The problem: Both the line containing "Figura 2. Tiempo" and the line containing "objetivo, medición, intervención" belong to the span. Output exactly that span from the listing below, and nothing outside it.

Extracted entries:
────────

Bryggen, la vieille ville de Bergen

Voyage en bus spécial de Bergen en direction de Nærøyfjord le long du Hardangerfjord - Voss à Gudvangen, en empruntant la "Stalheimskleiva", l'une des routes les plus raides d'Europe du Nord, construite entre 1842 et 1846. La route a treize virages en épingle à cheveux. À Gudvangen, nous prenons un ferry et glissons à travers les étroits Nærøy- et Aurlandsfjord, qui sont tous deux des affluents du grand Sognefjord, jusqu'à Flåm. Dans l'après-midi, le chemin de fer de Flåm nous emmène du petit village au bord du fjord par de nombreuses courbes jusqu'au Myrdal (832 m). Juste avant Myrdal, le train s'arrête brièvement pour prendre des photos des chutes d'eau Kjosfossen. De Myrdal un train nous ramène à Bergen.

────────

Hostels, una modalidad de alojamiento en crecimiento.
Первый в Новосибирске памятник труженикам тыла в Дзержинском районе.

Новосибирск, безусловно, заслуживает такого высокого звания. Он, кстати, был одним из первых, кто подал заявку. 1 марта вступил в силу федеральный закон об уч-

────────

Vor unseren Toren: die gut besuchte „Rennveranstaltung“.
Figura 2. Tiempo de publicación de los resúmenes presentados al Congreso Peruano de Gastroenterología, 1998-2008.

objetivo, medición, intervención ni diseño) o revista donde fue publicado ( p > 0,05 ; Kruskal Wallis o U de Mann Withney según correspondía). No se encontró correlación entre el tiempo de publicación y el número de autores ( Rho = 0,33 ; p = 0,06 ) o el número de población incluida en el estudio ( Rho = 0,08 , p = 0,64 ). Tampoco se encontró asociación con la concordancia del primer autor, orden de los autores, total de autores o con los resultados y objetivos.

────────

Exercise solution:
Figura 2. Tiempo de publicación de los resúmenes presentados al Congreso Peruano de Gastroenterología, 1998-2008.

objetivo, medición, intervención ni diseño) o revista donde fue publicado ( p > 0,05 ; Kruskal Wallis o U de Mann Withney según correspondía). No se encontró correlación entre el tiempo de publicación y el número de autores ( Rho = 0,33 ; p = 0,06 ) o el número de población incluida en el estudio ( Rho = 0,08 , p = 0,64 ). Tampoco se encontró asociación con la concordancia del primer autor, orden de los autores, total de autores o con los resultados y objetivos.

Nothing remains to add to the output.